Which also makes their uptime totals completely bogus.
It's interesting to me that the update messages are posted every 30 minutes from 1st notification until resolution. Judging by this and every other outage I assume this is automatic, and probably implemented to appease the people who are probably frustrated by the outage.
We use Slack for everyday company wide communication/ announcements and Riot for encrypted secure communications (you can host Riot yourself): https://about.riot.im/
It's not about the protocols, it's about having a client with a user experience that is acceptable to an entire company rather than just a team of engineers. Which decentralized protocol has such a client? (Speaking as someone who got burned trying to advocate for IRC at a company that eventually and inevitably switched to Slack.)

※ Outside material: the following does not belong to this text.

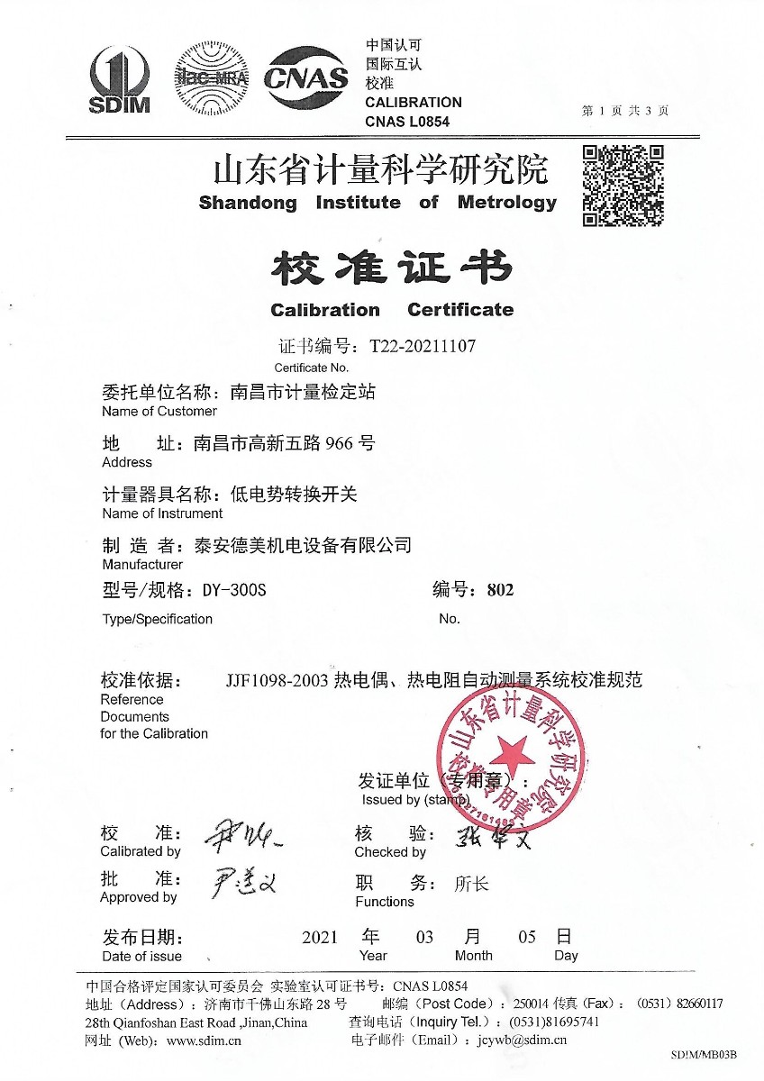 | 上一條:淮安市計(jì)量測(cè)試-零點(diǎn)恒溫器 | 下一條:冷鏡式露點(diǎn)儀校準(zhǔn)證書 |

The multitude of clients is one of the problems! How do you find them? Which one do you use? What features matter? Nobody knows! They just want a product with chat rooms and don't understand why it seems so hard to do seemingly simple stuff like create an account or search for that link that someone posted a month ago.
Technical people who haven't used IRC can barely figure out IRC their first time using it. Trying to sell IRC to a company would be hilarious. Bob in Accounting getting on IRC and feeling comfortable with it's UX?

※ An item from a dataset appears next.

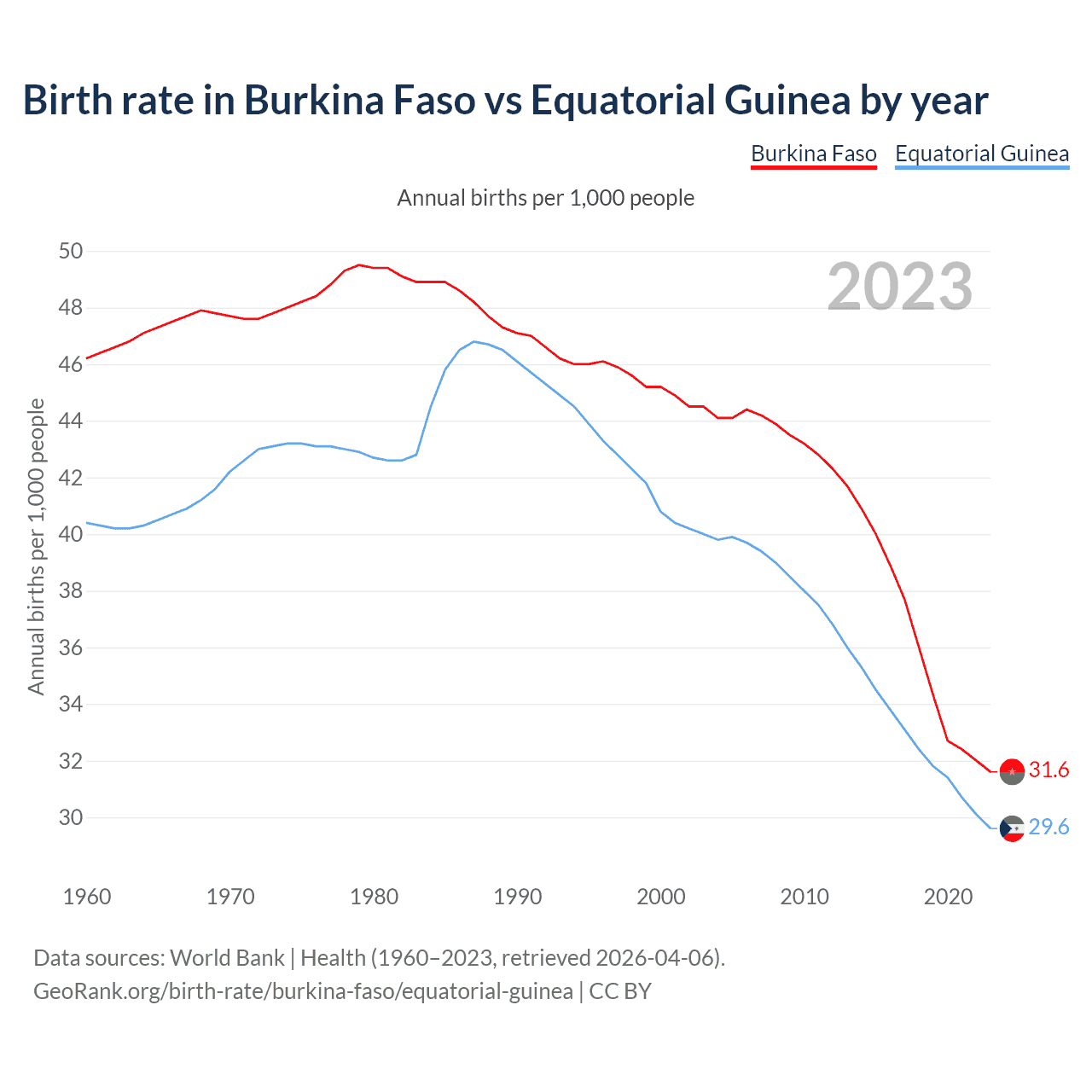 GeoRank.org/birth-rate/burkina-faso/equatorial-guinea | CC BY

A hypothesis I like is that when it's an application you use to communicate with other people, people are a lot less tolerant of a confusing UX.
The reason is that when you sit there clicking through a bunch of menus to find something in QuickBooks (or a typical atrocious enterprise app), nobody sees you; and if you screw something up there, you spend some more time fixing it and nobody sees the screwup. Frustrating maybe, as you waste time, but almost everyone has some frustrating wastes of time at work.
If you're on IRC and people are talking at you and you sit there fumbling to figure out how to respond, it's like you're in a conversation and tongue-tied and everyone's looking at you. And if you screw something up, like send a message to the wrong channel... now you've done it in front of all your coworkers, in real time. Humans hate looking stupid in front of the group.
And if you screw something up on IRC in front of your coworkers, and you're someone with even a little anxiety about not being tech-savvy... that's going to flare right up.
Also, because now you're embarrassed, you're going to want something to blame. So you blame the tool.
Yes. Also, QuickBooks is accounting, which is supposed to be hard while "chatting" with people is supposed to be easy.
QuickBooks doesn't have to suffer in comparison to better UX performing similar tasks in people's personal lives while IRC can be compared (unfavorably) to texting apps, Facebook Messenger, Twitter, AIM once upon a time, etc.
mIRC offers a fairly good UX compared to all those.
If you're setting it up in a corporate environment, just change the ini files so it autoconnects to your server. It'll pop up a list of channels they can join. The server can SAJoin them to particular channels on connection too. The UI is very clean and lightweight: a channel scrolls messages and they appear, there's an input bar at the bottom, and there's a list of users on the side. It's written in MFC and Win32 APIs, so it's blazingly fast compared to most applications, and you can find a version that will run on every computer made in the past 25 years.
The united states military used mIRC extensively for battle field coordination. I think it's up to the task of handling bob from accounting.
An image search for mIRC shows that it is ugly as shit. It has a sidebar to list channels but the current channel window is still an undifferentiated mess of handles, commands, and actual conversation. Stored communication is mainly a server-side problem but I don't know if mIRC has an interface to show DMs you missed while offline or to indicate which part of a channel's conversation happened since you last looked.
Even if mIRC would suffice for Windows, you've not handled Macs, phones, etc. Who gives a shit if it runs on a 25 year old computer?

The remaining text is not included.